I have a dataframe (df1) that has ~100 columns that starts with "i10_pr". For each row, I would like to see how many times values in the columns that start with "i10_pr" matches the values in another list (df2).

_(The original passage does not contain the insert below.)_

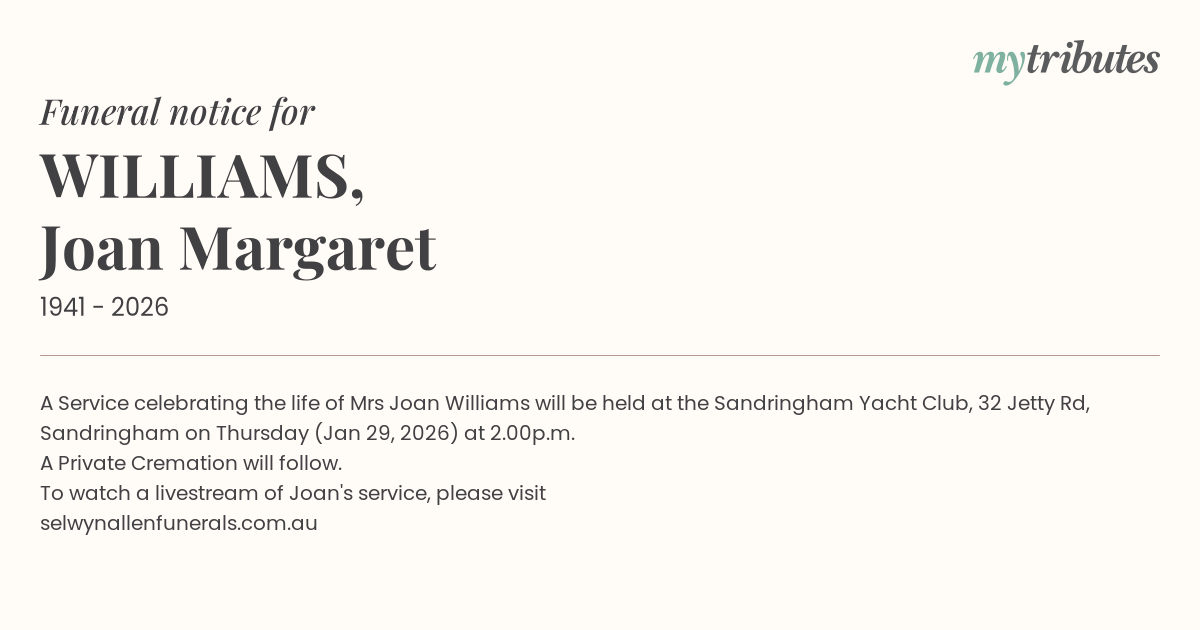 19°CA Service celebrating the life of Mrs Joan Williams will be held at the Sandringham Yacht Club, 32 Jetty Rd, Sandringham on Thursday (Jan 29, 2026) at 2.00p.m.

I'd like to create a column sum
to depict this frequency.
My desired output is something as follows:
#Desired output
visitlink visitorder i10_pr1 i10_pr2 i10_pr3 i10_pr4 i10_pr5 sum
1 7466851 3 "BW28ZZZ" "BR30Y0Z" "BR39Y0Z" "" "" 0
2 7023336 1 "0BDC8ZX" "0BDC8ZX" "07D78ZX" "" "" 0
3 2481935 3 "5A09357" "3C1ZX8Z" "06HN33Z" "B54CZZA" "0W993ZX" 1
4 4605446 1 "5A1955Z" "0BH17EZ" "03HY32Z" "02HV33Z" "GZ58ZZZ" 3
5 7287173 2 "" "" "" "" "" 0
#df2
CODE
1 GZ58ZZZ
2 3C1ZX8Z
3 0BH17EZ
4 HZ89ZZZ
5 02HV33Z
6 HZ99ZZZ
I have included a toy code below:
df1 <- structure(list(visitlink = c(7466851, 7023336, 2481935, 4605446,
7287173), visitorder = c(3L, 1L, 3L, 1L, 2L), i10_pr1 = c("BW28ZZZ",
"0BDC8ZX", "5A09357", "5A1955Z", ""), i10_pr2 = c("BR30Y0Z",
"0BDC8ZX", "3C1ZX8Z", "0BH17EZ", ""), i10_pr3 = c("BR39Y0Z",
"07D78ZX", "06HN33Z", "03HY32Z", ""), i10_pr4 = c("", "", "B54CZZA",
"02HV33Z", ""), i10_pr5 = c("", "", "0W993ZX", "GZ58ZZZ", "")), class = "data.frame", row.names = c(NA,
-5L), groups = structure(list(visitlink = c(2481935, 4605446,
7023336, 7287173, 7466851), .rows = structure(list(3L, 4L, 2L,
5L, 1L), ptype = integer(0), class = c("vctrs_list_of", "vctrs_vctr",
"list"))), class = c("tbl_df", "tbl", "data.frame"), row.names = c(NA,
-5L), .drop = TRUE))
df2 <- structure(list(CODE = structure(1:7, levels = c("GZ58ZZZ", "3C1ZX8Z",
"0BH17EZ", "HZ89ZZZ", "02HV33Z", "HZ99ZZZ", "XW03351"), class = "factor")), class = "data.frame", row.names = c(NA,
-7L))
CodePudding user response:
One option with dplyr
and stringr
could be:
df1 %>%
mutate(sum = rowSums(across(starts_with("i10_"),
~ str_detect(., paste(df2[["CODE"]], collapse = "|")))))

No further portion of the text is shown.